With pictures left out, output exactly the lines from the line holding "窓のそばにはソファーが2脚あるので、同行者ともテーブルで食事ができそうです。" through the end of the data, both included.

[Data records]
**********

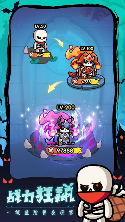 新版优化了养成系统,新增"骨龄加速"功能可瞬间完成亡灵进化,但会消耗珍贵的时之沙道具。重做的技能树系统采用神经网络图形式,每个节点激活后会影响相邻技能的解锁条件。独特的"骸骨回响"机制确保资源零浪费,当分解高等级亡灵时,系统会返还110%的养成材料,让玩家可以放心尝试各种养成路线。
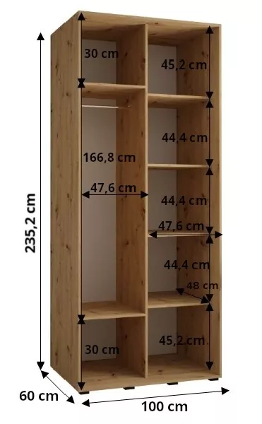 Šatníková skriňa ASIRI zaujme svojim moderným dizajnom a praktickými prvkami. Šatníková skriňa má posuvné dvere, ktoré sa neotvárajú do priestoru a ušetria tak veľa miesta.
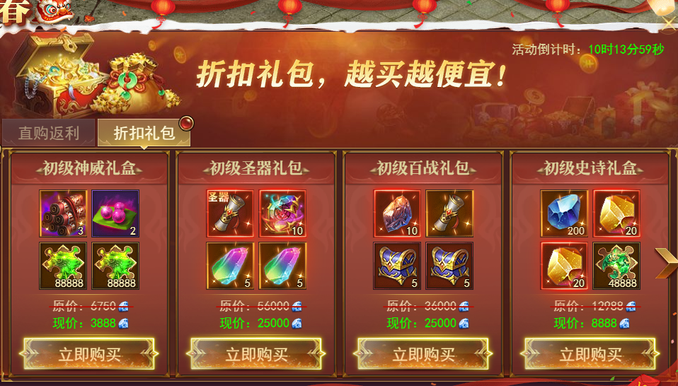 活动期间钻石等各种道具,超高返利、超低折扣,越买越便宜!
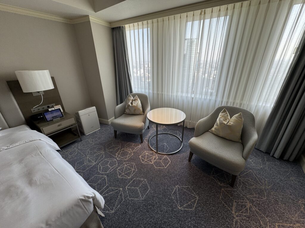 窓のそばにはソファーが2脚あるので、同行者ともテーブルで食事ができそうです。
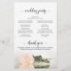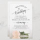 Estes programas de casamento são elegantes e saborosos, enquanto ainda são favoráveis ao orçamento. O design apresenta um rosa cor de pêssego, palha ou pincelada, de solteiro longo, estendido sobre o lado, refletindo em uma piscina de água com ondas e ondulações. A tipografia apresenta uma caligrafia antiga em escrituras negras, e há espaço para detalhes na cerimônia, na festa de noiva, e um obrigado curto para você.
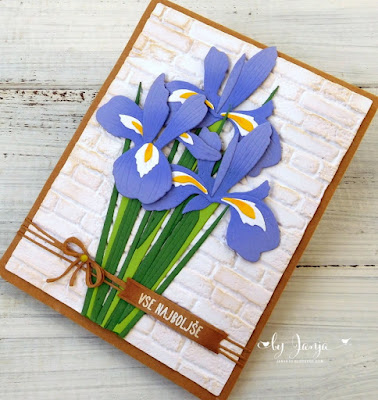 OdgovoriIzbrišiA gorgeous arrangement of those stunning die cut iris! What a beautiful card, Janja. Thank you so much for joining the challenge at Allsorts.
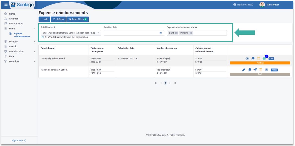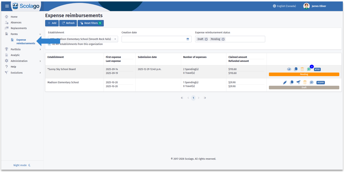 Access the Expense reimbursements module, which is available in the left-hand menu under the Forms section. In this module, a list of your reimbursement requests will appear.

**********

§ **SOLUTION**
 窓のそばにはソファーが2脚あるので、同行者ともテーブルで食事ができそうです。
 Estes programas de casamento são elegantes e saborosos, enquanto ainda são favoráveis ao orçamento. O design apresenta um rosa cor de pêssego, palha ou pincelada, de solteiro longo, estendido sobre o lado, refletindo em uma piscina de água com ondas e ondulações. A tipografia apresenta uma caligrafia antiga em escrituras negras, e há espaço para detalhes na cerimônia, na festa de noiva, e um obrigado curto para você.
 OdgovoriIzbrišiA gorgeous arrangement of those stunning die cut iris! What a beautiful card, Janja. Thank you so much for joining the challenge at Allsorts.
 Access the Expense reimbursements module, which is available in the left-hand menu under the Forms section. In this module, a list of your reimbursement requests will appear.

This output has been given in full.